--- Data records ---
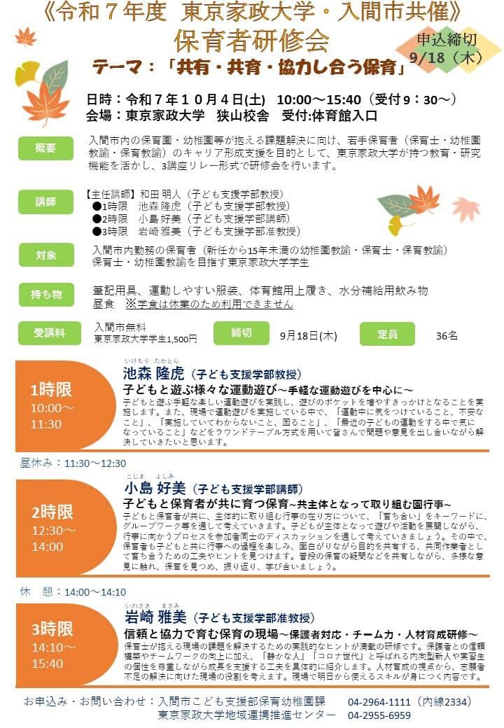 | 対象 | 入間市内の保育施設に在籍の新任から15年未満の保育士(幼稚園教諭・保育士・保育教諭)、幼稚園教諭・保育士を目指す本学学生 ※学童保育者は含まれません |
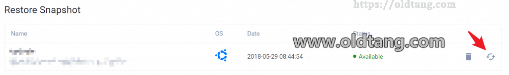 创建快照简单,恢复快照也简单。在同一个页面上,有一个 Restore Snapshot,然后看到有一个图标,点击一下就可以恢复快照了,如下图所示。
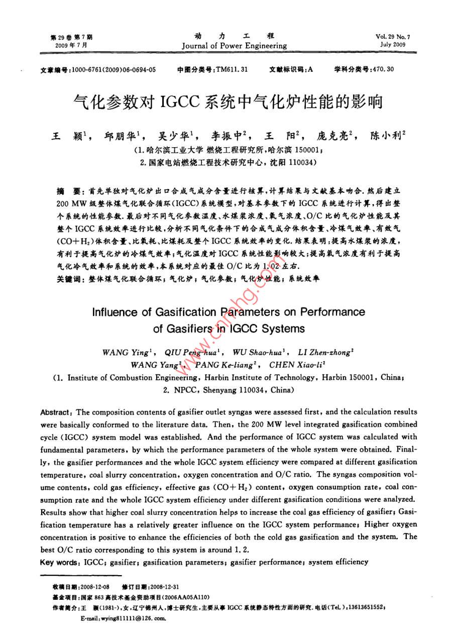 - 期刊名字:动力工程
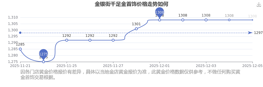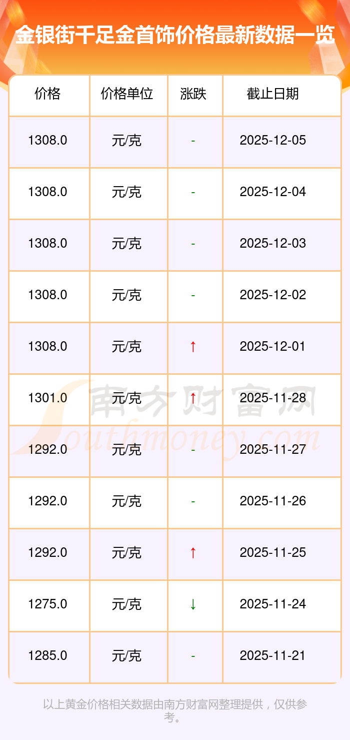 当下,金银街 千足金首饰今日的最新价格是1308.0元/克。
---
--- Data records ---
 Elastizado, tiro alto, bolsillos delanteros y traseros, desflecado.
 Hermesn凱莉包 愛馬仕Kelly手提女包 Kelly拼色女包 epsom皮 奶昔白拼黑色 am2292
---
-- Problem to solve --
Look back at the entries above. Retype the line with "Elastizado, tiro alto, bolsillos", the line with "Hermesn凱莉包 愛馬仕Kelly手提女包 Kelly拼色女包", and all lines in between.

-- Finished task --
 Elastizado, tiro alto, bolsillos delanteros y traseros, desflecado.
 Hermesn凱莉包 愛馬仕Kelly手提女包 Kelly拼色女包 epsom皮 奶昔白拼黑色 am2292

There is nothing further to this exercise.